**Task instructions:**
Locate the line that contains "Oak solids and" in the data that follows. Copy it and every subsequent line to the end, exactly, excluding pictures.

**Provided entries:**
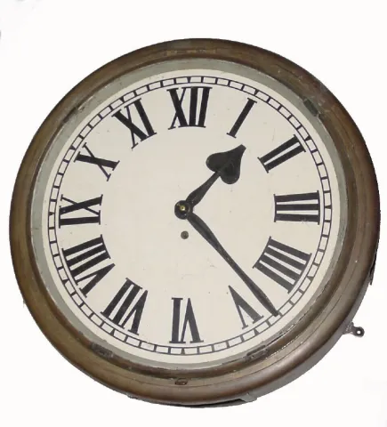 C.1900, English, Large Single Fusee Hanging Street clock, with 24" dial, in need of restoration, but certainly the most substantial fusee clock you will ever see. The movement (measuring 8 x 9 1/2 ") has a 4" spring barrel and a fusee to match, plus Graham style dead beat escapement, and mounts in the case on a large seat board. The case itself is brass and brass veneer over wood. The entire assembly is well over 100 pounds. The retaining screws for the original hands have been lost and the pendulum is a replacement. Absolutely NO commercial shipping on this piece; must go by blanket wrap or be picked up in person. Height 30"
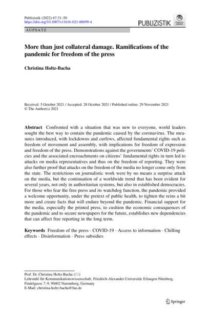 "Confronted with a situation that was new to everyone, world leaders sought the best way to contain the pandemic caused by the coronavirus. The measures introduced, with lockdowns and curfews, affected fundamental rights such as freedom of movement and assembly, with implications for freedom of expression and freedom of the press. Demonstrations against the governments’ COVID-19 policies and the associated encroachments on citizens’ fundamental rights in turn led to attacks on media representatives and thus on the freedom of reporting. They were also further proof that attacks on the freedom of the media no longer come only from the state. The restrictions on journalistic work were by no means a surprise attack on the media, but the continuation of a worldwide trend that has been evident for several years, not only in authoritarian systems, but also in established democracies. For those who fear the free press and its watchdog function, the pandemic provided a welcome opportunity, under the pretext of public health, to tighten the reins a bit more and create facts that will endure beyond the pandemic. Financial support for the media, especially the printed press, to cushion the economic consequences of the pandemic and to secure newspapers for the future, establishes new dependencies that can affect free reporting in the long term." (Abstract)
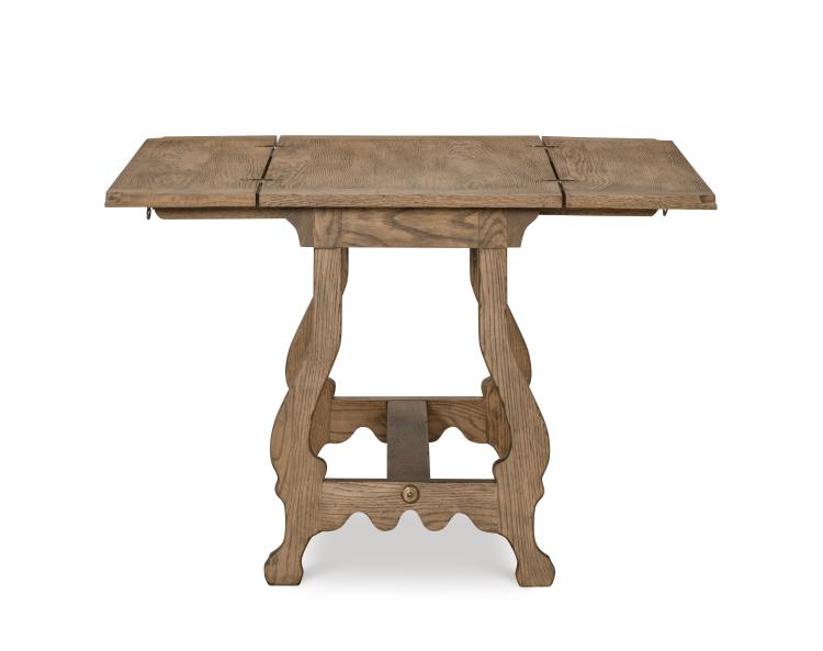 Oak solids and veneer in a highly distressed and aged natural finish with Brass hardware
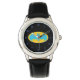 Kinder Edelstahluhr mit schwarzem Lederarmband
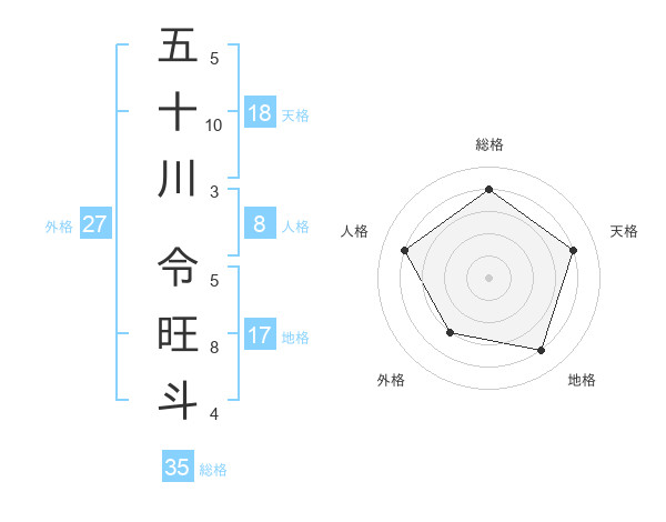 五十川 令旺斗さんを姓名の画数から五運を鑑定
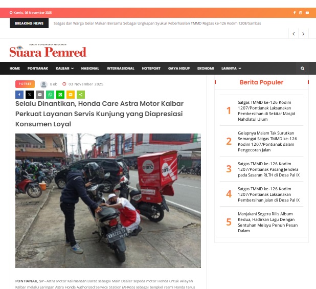 Selalu Dinantikan, Honda Care Astra Motor Kalbar Perkuat Layanan Servis Kunjung yang Diapresiasi Konsumen Loyal by masmul 3 November 2025 in Silahkan kunjungi https://www.suarapemredkalbar.com/read/potret/03112025/selalu-dinantikan-honda-care-astra-motor-kalbar-perkuat-layanan-servis-kunjung-yang-diapresiasi-konsumen-loyal. You Might Like Regional Public Launching New ADV160 The SUV Pride Grand Launching New PCX 160 Truly Exceptional! Tetap hati-hati ya bro sist berkendara saat hujan.
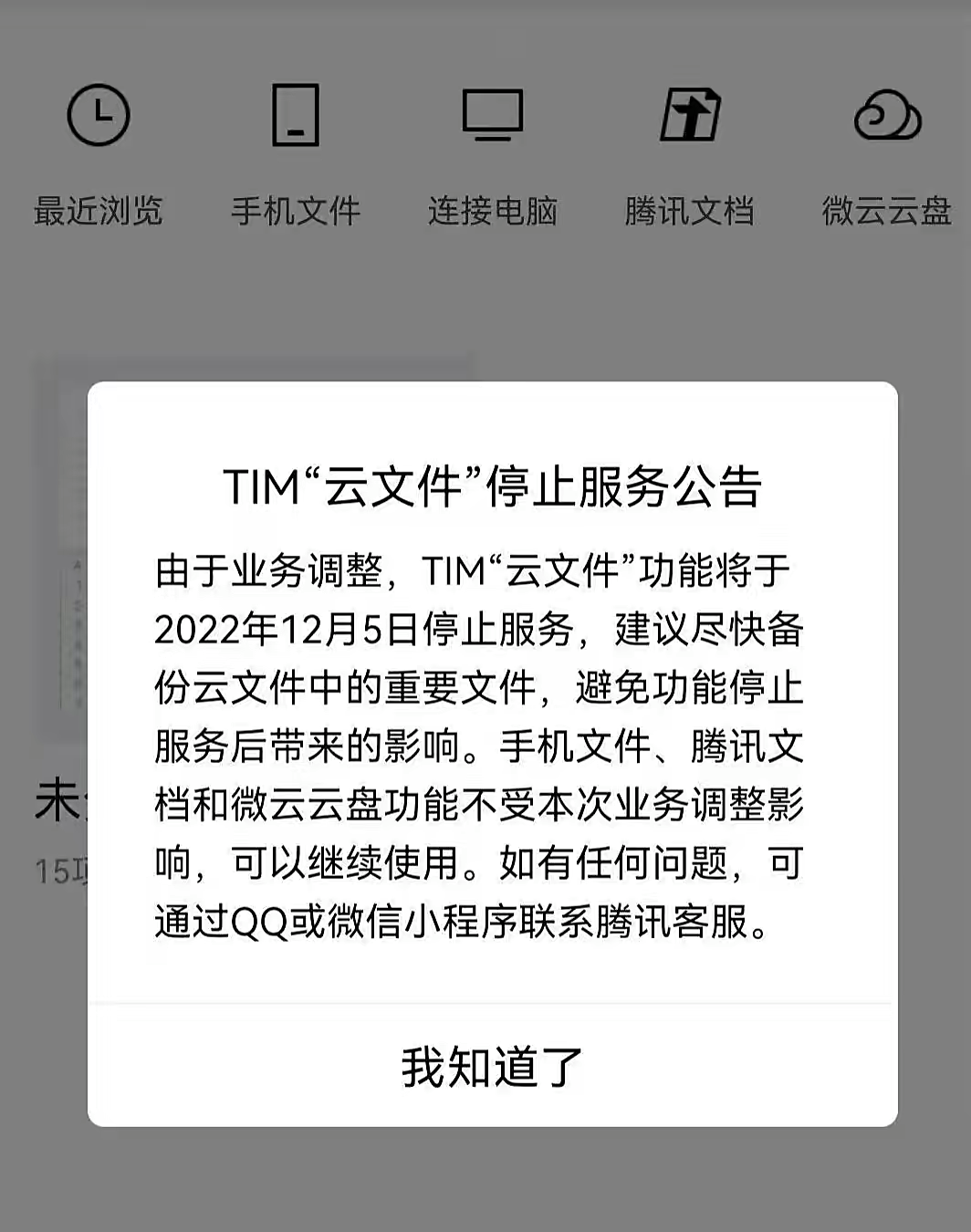 近日,腾讯 TIM 团队在 App 内发布公告称:由于业务调整,TIM「云文件」功能将于 2022 年 12 月 5 日停止服务,建议尽快备份云文件中的重要文件,避免功能停止后带来的功能。

**Written response:**
 Oak solids and veneer in a highly distressed and aged natural finish with Brass hardware
 Kinder Edelstahluhr mit schwarzem Lederarmband
 五十川 令旺斗さんを姓名の画数から五運を鑑定
 Selalu Dinantikan, Honda Care Astra Motor Kalbar Perkuat Layanan Servis Kunjung yang Diapresiasi Konsumen Loyal by masmul 3 November 2025 in Silahkan kunjungi https://www.suarapemredkalbar.com/read/potret/03112025/selalu-dinantikan-honda-care-astra-motor-kalbar-perkuat-layanan-servis-kunjung-yang-diapresiasi-konsumen-loyal. You Might Like Regional Public Launching New ADV160 The SUV Pride Grand Launching New PCX 160 Truly Exceptional! Tetap hati-hati ya bro sist berkendara saat hujan.
 近日,腾讯 TIM 团队在 App 内发布公告称:由于业务调整,TIM「云文件」功能将于 2022 年 12 月 5 日停止服务,建议尽快备份云文件中的重要文件,避免功能停止后带来的功能。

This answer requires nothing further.